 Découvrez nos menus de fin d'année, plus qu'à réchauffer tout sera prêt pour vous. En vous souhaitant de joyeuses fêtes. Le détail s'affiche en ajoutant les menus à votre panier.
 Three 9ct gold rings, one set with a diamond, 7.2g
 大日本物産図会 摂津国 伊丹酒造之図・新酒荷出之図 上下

---

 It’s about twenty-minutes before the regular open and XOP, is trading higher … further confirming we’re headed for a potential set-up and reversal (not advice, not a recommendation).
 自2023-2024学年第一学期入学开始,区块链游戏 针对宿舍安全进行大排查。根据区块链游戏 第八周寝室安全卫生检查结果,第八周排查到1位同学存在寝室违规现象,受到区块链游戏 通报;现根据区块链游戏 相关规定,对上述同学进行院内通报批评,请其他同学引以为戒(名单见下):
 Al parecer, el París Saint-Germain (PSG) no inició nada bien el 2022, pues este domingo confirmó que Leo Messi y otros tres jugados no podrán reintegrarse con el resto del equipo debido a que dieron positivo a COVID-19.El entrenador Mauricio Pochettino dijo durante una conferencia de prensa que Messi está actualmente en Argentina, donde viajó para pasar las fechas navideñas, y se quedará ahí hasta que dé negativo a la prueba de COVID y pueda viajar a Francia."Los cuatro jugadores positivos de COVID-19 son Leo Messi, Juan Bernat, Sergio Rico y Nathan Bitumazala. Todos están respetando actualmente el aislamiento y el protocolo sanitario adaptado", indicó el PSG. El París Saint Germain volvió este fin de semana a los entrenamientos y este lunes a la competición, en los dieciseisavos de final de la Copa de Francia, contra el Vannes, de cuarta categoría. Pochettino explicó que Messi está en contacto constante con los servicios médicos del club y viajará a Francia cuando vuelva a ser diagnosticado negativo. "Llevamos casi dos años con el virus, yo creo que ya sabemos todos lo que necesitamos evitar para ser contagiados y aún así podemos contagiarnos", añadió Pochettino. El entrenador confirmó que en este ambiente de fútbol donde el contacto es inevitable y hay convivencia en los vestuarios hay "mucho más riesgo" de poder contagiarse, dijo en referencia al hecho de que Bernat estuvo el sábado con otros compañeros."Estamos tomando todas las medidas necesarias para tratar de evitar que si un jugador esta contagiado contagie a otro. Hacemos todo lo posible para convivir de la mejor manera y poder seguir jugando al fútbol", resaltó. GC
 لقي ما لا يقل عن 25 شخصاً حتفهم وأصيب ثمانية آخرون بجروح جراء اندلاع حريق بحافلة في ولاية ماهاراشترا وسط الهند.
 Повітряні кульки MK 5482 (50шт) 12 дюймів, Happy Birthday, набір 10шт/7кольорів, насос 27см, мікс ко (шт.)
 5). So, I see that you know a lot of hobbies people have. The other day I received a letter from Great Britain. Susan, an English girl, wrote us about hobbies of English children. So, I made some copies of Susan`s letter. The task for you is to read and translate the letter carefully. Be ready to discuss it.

* * *

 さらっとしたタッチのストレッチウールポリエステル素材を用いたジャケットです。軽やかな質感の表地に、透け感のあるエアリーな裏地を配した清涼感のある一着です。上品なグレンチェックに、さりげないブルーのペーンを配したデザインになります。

**What the exercise asks**: All lines in the data above from the one with "Повітряні кульки MK" through the one with "5). So, I see" must be repeated exactly, and no others.

**Result of this task**:
 Повітряні кульки MK 5482 (50шт) 12 дюймів, Happy Birthday, набір 10шт/7кольорів, насос 27см, мікс ко (шт.)
 5). So, I see that you know a lot of hobbies people have. The other day I received a letter from Great Britain. Susan, an English girl, wrote us about hobbies of English children. So, I made some copies of Susan`s letter. The task for you is to read and translate the letter carefully. Be ready to discuss it.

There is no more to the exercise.